Of course, the columnist suggested that the woman sit the boyfriend down to explain how and why he hurt her and that he needed to listen to her. That might work in a normal relationship, but it won’t work with a narcissist. The narcissist isn’t interested in your pain. He is only interested in his own.

Over the years, “turnabout is fair play” came to mean something like revenge. If someone does something unpleasant or mean to you, then you are free to do something similar to them. But even that doesn’t work with the narcissist. The narcissist is mean, then you are hurt. Then the narcissist does another mean thing. If you express your pain, then you are blamed for hurting the narcissist. There is no turnabout with a narcissist.

We sometimes say that a person “can hand it out, but he can’t take it.” He can tease or flirt or abuse, but if the same is done to him, that’s different. Suddenly the thing he said was just in fun wasn’t as funny. The narcissist can mess with the food on your plate, but you better not touch his. She can tell a demeaning story about you in public, but you better not tell what you know about her. The moment you turn the situation back on the narcissist, you become an enemy.

You see, the narcissist is a creature that lives in constant fear. Fear of exposure. Fear of missing out. Fear of being rejected or ignored. Fear of being considered unimportant. All the boasting and manipulation comes out of the attempt to mitigate situations that present these threats. The irrational rage and aggression that most experience in their narcissistic relationships come when the narcissist feels threatened.
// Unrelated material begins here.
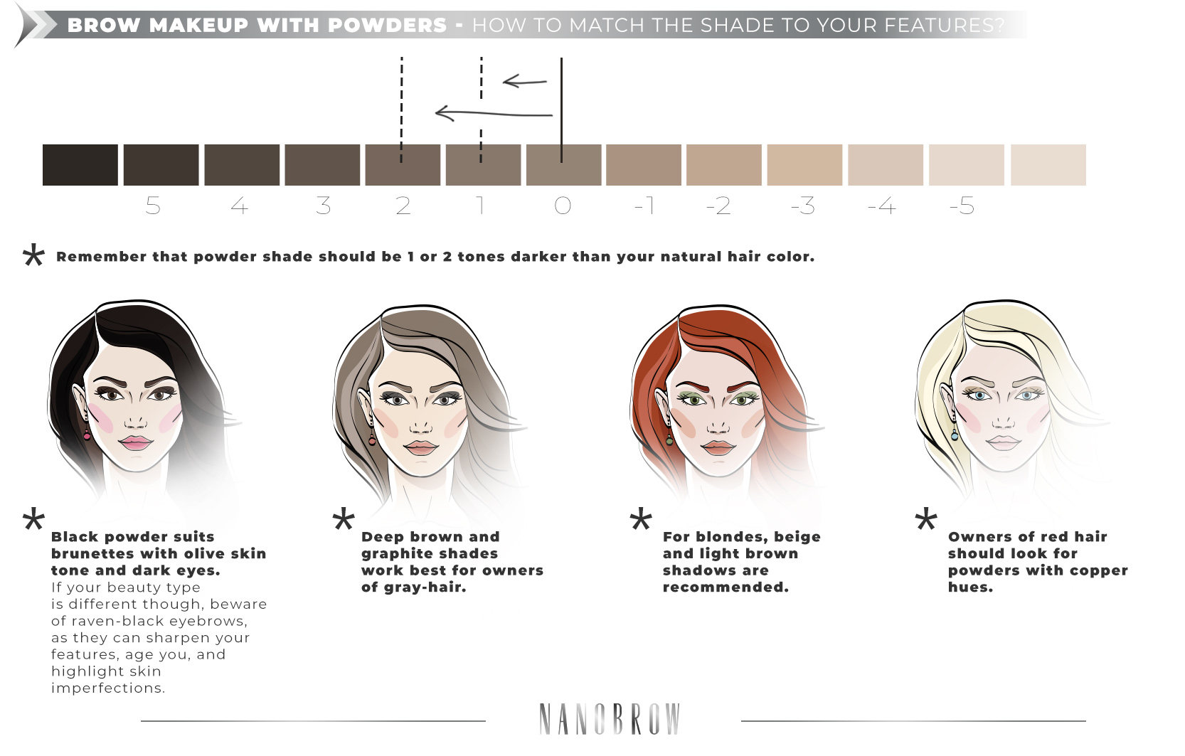 Brow powders are the perfect solution for subtle and non-overdrawn eyebrow makeup. Doing your makeup with powders ensures the perfect shape of your arches, while gently emphasizing and defining them. The texture of the powders allows for easy touch-ups in case of any imperfections. Brow makeup using powders ensures your face maintains perfect proportions and highlights your features. The most important thing is to choose the best brow makeup kit. It must contain natural-looking shades and deliver long-wear effects. It should come with built-in wax or highlighter with soft formula and satin powders with excellent pigmentation. That's exactly what Nanobrow Eyebrow Powder Kit is. It's a great palette for brow makeup, recommended for both professional and home use.

You don’t get a turn if the narcissist wants another. You don’t get to say your opinion if the narcissist has proclaimed his as fact. You don’t get to hit back or talk back or even expect an apology. Why? Because in comparison to what the narcissist feels, you simply do not count.

So what do you do? Well, you consider the cost, and you do what you think is right. Maybe it will be another thing you just choose to bear. Maybe it will be worthwhile to speak up. Just know two things. First, there will be a price to pay. If the narcissist sees you as competition or an enemy (which happens easily) he/she may be ruthless in dealing with you. We speak of “narcissistic rage,” an anger that hides just below the surface. Prepare yourself for it.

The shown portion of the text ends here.